Figure states a simple Blockchain flow.
Ethereum is the network, also known as the blockchain.
The primary difference between Ethereum and any other cryptocurrency is that it’s not just a currency, it’s an environment. Here anyone can take advantage of the blockchain technology to build their own projects and DAPPS (decentralized applications) through smart contracts. This is a very important distinction because this very thing shows you the true scope of what is possible in Ethereum.
Think of Ethereum like the internet and all the DAPPS as websites that run in it. There is something really interesting about these DAPPS, they are all decentralized and not owned by an individual, they are owned by people. The way that happens is usually by a crowd-sale called the “ICO” (more on that later). Basically, you buy certain tokens of that DAPP in exchange of your ether.
Note:An Initial Coin Offering (ICO) is the cryptocurrency space’s rough equivalent to an IPO in the mainstream investment world. ICOs act as fundraisers of sorts; a company looking to create a new coin, app, or service launches an ICO.

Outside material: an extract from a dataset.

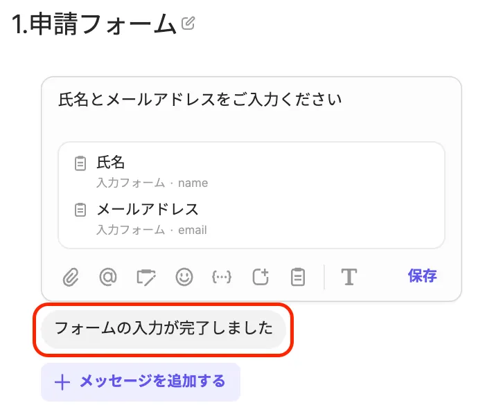 申請通知を受けるワークフローのフォームメッセージを作成し、赤い四角形のメッセージのようにフォーム入力後に表示されるメッセージを設定します。

These tokens are usually of 2 varieties:
- Usage Tokens.
- Work Tokens.
Usage Tokens: These are the tokens that act like native currency in their respective DAPPS. Golem is a pretty good example of this. If you want to use the services in Golem then you will need to pay with Golem Network Token (GNT). While these tokens have monetary value they won’t give you any particular rights or privilege within the network itself.
Work Token: These are the tokens that identify you as a sort of shareholder in the DAPP. Because of that, you have a say in the direction that that DAPP takes. A perfect example of this is the DAO tokens. If you were a DAO token holder then you had the right to vote on whether a particular DAPP could get funding from the DAO or not.
Why Do We Need Tokens?
Right now you must be wondering, if all these DAPPS are made in the Ethereum Network, then why don’t we simply use Ether to pay for every transaction within those DAPPS? Why do we need a native currency for them? The answer to that is pretty simple, even in real life, there are tons of places where we use a form of token over cash.

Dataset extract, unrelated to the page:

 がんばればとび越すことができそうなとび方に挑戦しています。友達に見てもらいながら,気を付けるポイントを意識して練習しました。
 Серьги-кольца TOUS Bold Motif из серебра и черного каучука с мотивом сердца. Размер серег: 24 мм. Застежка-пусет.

Remember that time you went to the water park? Remember how they took your money and tied a band around your wrist which you used to gain access to all the rides in the park and to buy food as well? In this example the water park is the DAPP, your money is ether and the band is the token.
Okay, how about the time you bought those movie tickets for Wonder Woman and included an extra popcorn and coke in your ticket? The moment you entered the theater how did you get in the hall? You showed them the ticket. How did you buy your popcorn and coke? Again, by showing them the ticket. In this case, the cinema theater is the DAPP, your money is Ether and the ticket is the token.
By using tokens to execute certain functions in the smart contract of the DAPPS you make the process much more simple and seamless. Plus, tokens are also great for the overall value of ether as well (more on that later).
Ether and Gas:
You have to pay for the computation, regardless of whether your transaction succeeds or fails. Even if it fails, the miners must validate and execute your transaction (compute) and therefore you must pay for that computation just like you would pay for a successful transaction.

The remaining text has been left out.